There is little security in workplaces. Last month, half a dozen Google contract workers working at Appen received a notice from management saying their positions had been eliminated “due to business circumstances.” The workers said the firings seemed sudden because they had just received several emails offering them bonuses for working longer hours training AI products. Six dismissed employees complained to the Labor Relations Board in June. They claimed they were illegally terminated for organizing because of Stackhouse’s letter to Congress. Before the end of the month they were returned to their jobs.
Google said the dispute was a matter between the employees and Appen and that they “respect the rights of employees of Appen employees to unionize.” Appen did not respond to questions about organizing its workers.
Emily Bender, a professor of computational linguistics at the University of Washington, said the work of these contract workers at Google and other tech platforms is a “story of labor exploitation,” pointing to their precarious job security and how some such workers are paid well below subsistence wages. “Playing with one of these systems and saying you’re just doing it for fun — maybe it feels less fun when you think about what it takes to create it and the human impact it has,” Bender said.

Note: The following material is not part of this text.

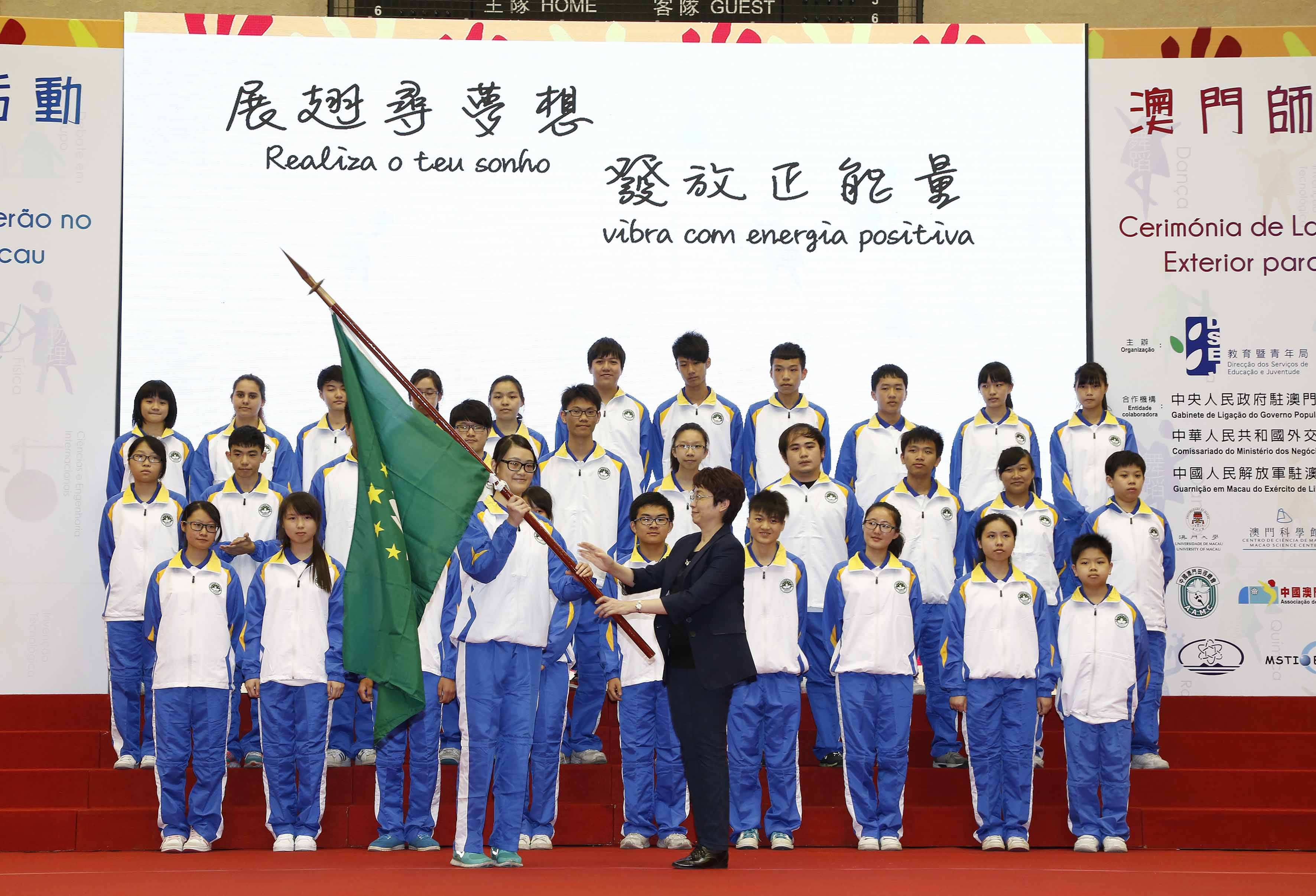 Os representantes dos professores e dos alunos receberam a bandeira da RAEM, das mãos da chefe da delegação Leong Lai, simbolizando a prontidão de todos para se deslocarem a diferentes locais, em representação da RAEM, para aí realizarem intercâmbio e aprendizagem, para contribuírem, no futuro, com os conhecimentos adquiridos para o desenvolvimento social. Lou Pak Sang incentivou, no seu discurso, os professores e alunos das delegações a obterem mais experiências de vida e mais conhecimentos, a reforçarem a sua capacidade competitiva e a criarem uma rede interpessoal mais ampla através da participação nos diversos tipos de actividades. Durante a cerimónia foram apresentados vídeos sobre a participação dos estudantes em competições anteriores e em actividades de intercâmbio e convidados representantes dos professores e dos alunos para, no palco, partilharem os destaques e experiências adquiridas nas actividades do ano anterior, bem como para exporem os seus sentimentos e expectativas no momento antes da partida para as actividades deste ano. Os coros das Escolas Kao Yip e Escola da Sagrada Família deslumbraram com as suas actuações, tendo a cerimónia decorrido com sucesso graças ao apoio prestado pelos voluntários da Escola Luso-Chinesa Técnico-Profissional.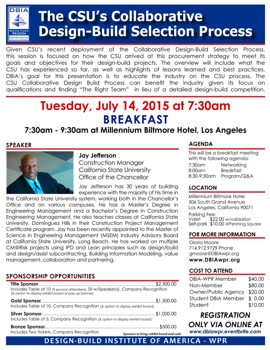 Description: LA Breakfast presentation, "The CSU's Collaborative Design-Build Selection Process" with the following speaker: Jay Jefferson, Construction Manager, California State University, Office of the Chancellor

Contract workers said they’ve never received a direct message from Google about their new AI-related work — it’s all filtered through their employer. They said they don’t know where the AI-generated answers they see come from or where their feedback goes. In the absence of this information and the ever-changing nature of their work, workers worry that they are helping to create a poor product.
Some of the answers they encounter may be strange. In response to the prompt “Suggest the best words I can make with the letters: k, e, g, a, o, g, w,” one AI-generated response listed 43 possible words, starting with suggestion #1: “wagon.” Meanwhile, Propositions 2-43 repeated the word “WOKE” over and over again.
In the second task, the reviewer received a long answer that began with the words “To the best of my knowledge, in September 2021.” This answer is related to OpenAI’s major language model, called GPT-4. Although Google said Bard “is not trained in any ShareGPT or ChatGPT data,” reviewers have wondered why such a phrase appears in their posts.
Bender said it doesn’t make sense for big tech companies to encourage people to ask AI chatbots questions about such a wide range of topics and present them as “everything machines.”
“Why should the same machine that can give you the weather forecast in Florida also be able to advise drug dosages?” he asked. “The people behind the machine, tasked with making it a little less terrible in some of those conditions, have an impossible task.”